なぜ若い世代のがんが増えているのか? 50歳未満、30年で8割増

Ground Picture / Shutterstock.com

◆遺伝やライフスタイルも がんになる要因はさまざま
 若い人のがんが増加しているもう一つの要因は、遺伝的素因だ。大腸がんや乳がんなどに多く、がんのかかりやすさは、家族を通じて受け継がれる場合がある。保因者(何らかの変異がある遺伝子を持っていても、病気や症状が出ない人)が長生きしより多くの子孫を残すと、原因となる遺伝子が集団に蓄積される可能性があるということだ。(ガーディアン紙)

 昨年発表されたがん研究では、若い世代で消化器がんの発生率が増加していることが強調され、おそらく行動、ライフスタイル、食事、環境などの非遺伝的要因に関連しているとみられている。親から受け継いだのではなく個体において新しく発生した変異、環境要因、ライフスタイルの変化、赤肉や加工肉を多くとる食事、運動不足が、若年層におけるがん増加の原因で、幼少期からの影響が積み重なっているとされた。(スペイン紙エル・パイス英語版)

◆生存率は高い 若い世代ならでは課題も
 米CBSのインタビューを受けた医師は、食生活の見直しなど、自分でコントロールできることをすべきだが、同時にまず検診を受けることが大切だと述べる。若い世代は進行の早いがんを発症しやすいこともあり、早期発見が命を救うとしている。
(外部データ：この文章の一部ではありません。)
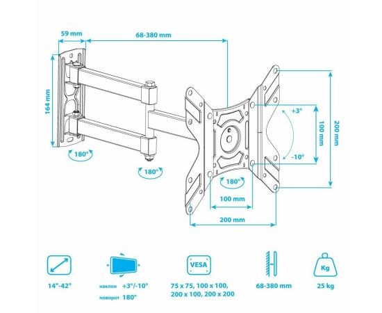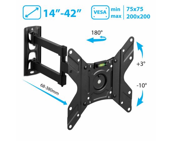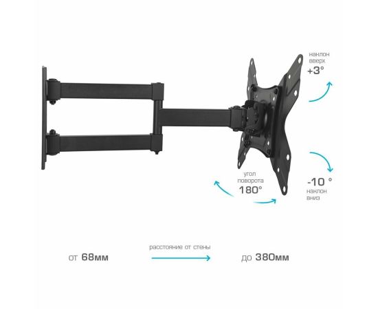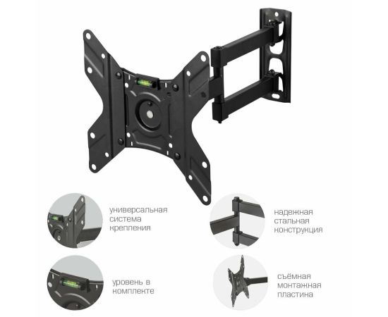Кронштейн для телевизора Arm Media LCD-205 14"-42", макс до 25 кг настенный, поворот и наклон черный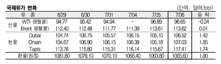 7월6일 106.52달러로 1.42달러 상승 … 중국 기준금리 인상도 별로

 英がん研究所CEOのミシェル・ミッチェル氏も、がんを早期に発見することは治療が成功する可能性が高くなることを意味すると述べる。英ウォーリック大学のローレンス・ヤング教授は、がんの生存率は一般的に若い患者ほど高いとし、高齢の患者より高容量の化学療法に耐えられることが、若い患者にとっての良いニュースだとしている。(ガーディアン紙)

 もっとも、若い世代のがんは患者に大きな心理的影響を与えるとエル・パイスは指摘。幼い子供を持つ働き盛りの成人なら、がんは大きく生活を混乱させ、不安を増大させるとする。キャサリン妃も3人の子供たちのことを考え、公の場で声明を出さないことに決めたと明かしており、高齢者の場合とは違うがん罹患の問題点を指摘している。